Adrian Wyld

KAMLOOPS, C.-B. – Les joueuses de l’équipe canadienne de hockey féminin ont raflé l’or aux quatre derniers Jeux olympiques, trois fois contre leurs rivales américaines en finale. Pourquoi sont-elles incapables de faire de même au Championnat mondial?

«C’est une bonne question. Nous avons une semaine pour trouver une façon de le faire», a dit l’attaquante canadienne Hayley Wickenheiser.

Comme les Américaines ont battu le Canada pour mettre la main sur cinq des six derniers Championnats mondiaux, la question se pose également à l’envers. Pourquoi sont-elles incapables de faire de même aux Jeux olympiques?

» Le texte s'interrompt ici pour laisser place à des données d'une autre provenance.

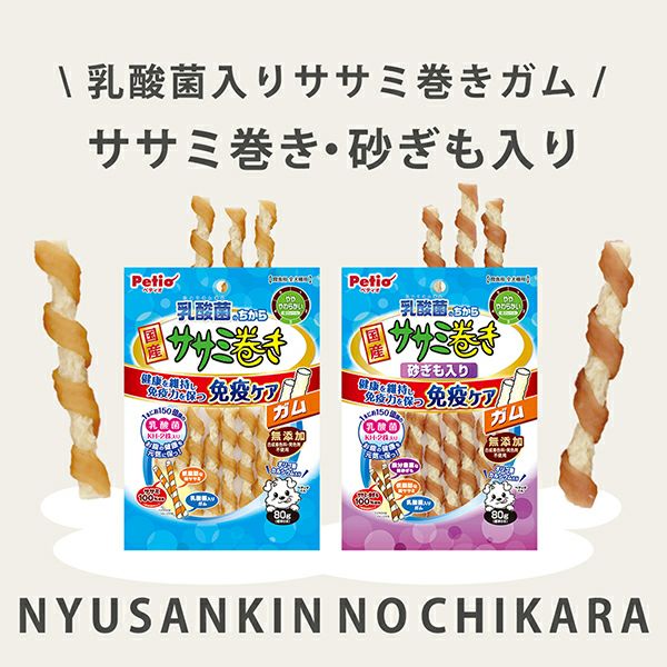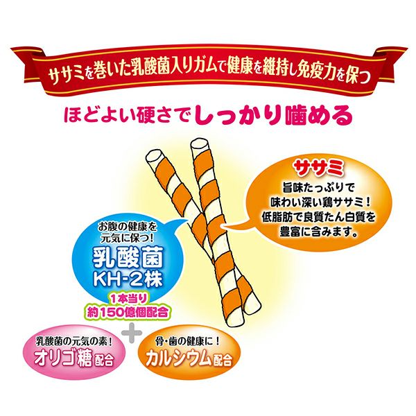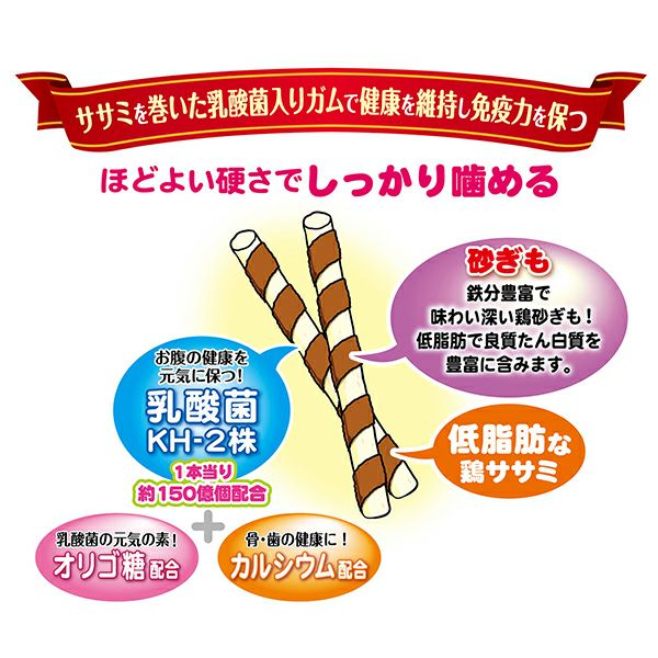 他の画像を見る 1本に約150億個の乳酸菌配合でお腹の健康を元気に保つ!健康を維持し、免疫力を保つ”免疫ケア”。ほどよい噛みごたえの乳酸菌入りガムに鶏ササミを巻きました。 乳酸菌のちから ササミ巻き 80g 通常価格 ¥ 437 販売価格 ¥ 437 税込 お気に入りに追加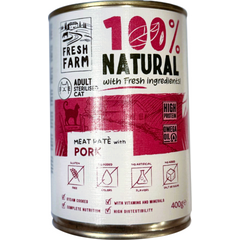 Prefera Fresh Farm CAT Smooth pate with pork 400gr - pilnvērtīga barība kaķiem, pastētes veida konservi kaķiem, ar cūkgaļu.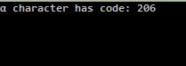 Let us now try Greek letters, the first one in the row, alpha. If we execute code similar to the preceding and replace the "a" with alpha, you will see the following result:

«Honnêtement, nous nous faisons poser cette question régulièrement, a mentionné Meghan Duggan, la capitaine de la formation des États-Unis. Nous avons gagné cinq des six derniers Mondiaux et nous savons toutes comment se sont terminés les Jeux olympiques. C’est pour cette raison que nous jouons au hockey. Nous ne savons jamais qui va l’emporter.»

Lundi, à l’occasion d’un match de ronde préliminaire à Kamloops, les deux formations rivales croiseront le fer en lever de rideau de l’édition 2016 du tournoi.

Le Canada, les États-Unis, la Finlande et la Russie formeront le groupe A. Les deux meilleures équipes de la ronde préliminaire obtiendront un laissez-passer pour les demi-finales. Les deux dernières équipes affronteront en quarts de finale les deux premières équipes du groupe B, composé de la Suisse, la Suède, la République tchèque et le Japon.

Lors du dernier Mondial, en 2015 à Malmö, en Suède, les Américaines avaient défait les Canadiennes 7-5 et elles avaient répété l’exploit en 2013, cette fois par la marque de 3-2, alors que l’événement était présenté à Ottawa.

Après avoir gagné les huit premiers Championnats mondiaux, le Canada n’a triomphé que deux fois au cours des huit derniers tournois — en 2007 et en 2012.

«Je ne crois pas qu’il y ait une raison particulière qui explique pourquoi nous l’emportons aux Jeux olympiques, mais pas aux Mondiaux, a affirmé Wickenheiser. Ces tournois reviennent à une seule partie. Ça revient à offrir notre meilleur hockey au moment opportun, d’être constantes et de saisir l’opportunité. Je crois que notre équipe est capable de le faire.»

L’équipe canadienne est plus expérimentée qu’il y a un an, quand 10 joueuses ont effectué leur baptême dans ce tournoi.

Sept d’entre elles sont de retour dans la formation à Kamloops, mais les retours des attaquantes Wickenheiser et Meghan Agosta, de la défenseuse Meaghan Mikkelson et de la gardienne Charline Labonté ajoutent de l’expérience au sein de la formation.

Laura Schuler, une ancienne joueuse de l’équipe canadienne, sera derrière le banc du Canada, tandis que les États-Unis pourront compter sur l’ancien défenseur de la LNH Ken Klee en tant qu’entraîneur-chef.

«Nous sommes capables de jouer avec vitesse et de contrôler le jeu, nous possédons des joueuses très talentueuses et notre équipe est tenace et désireuse d’aller dans les endroits difficiles sur la patinoire», a fait valoir Schuler.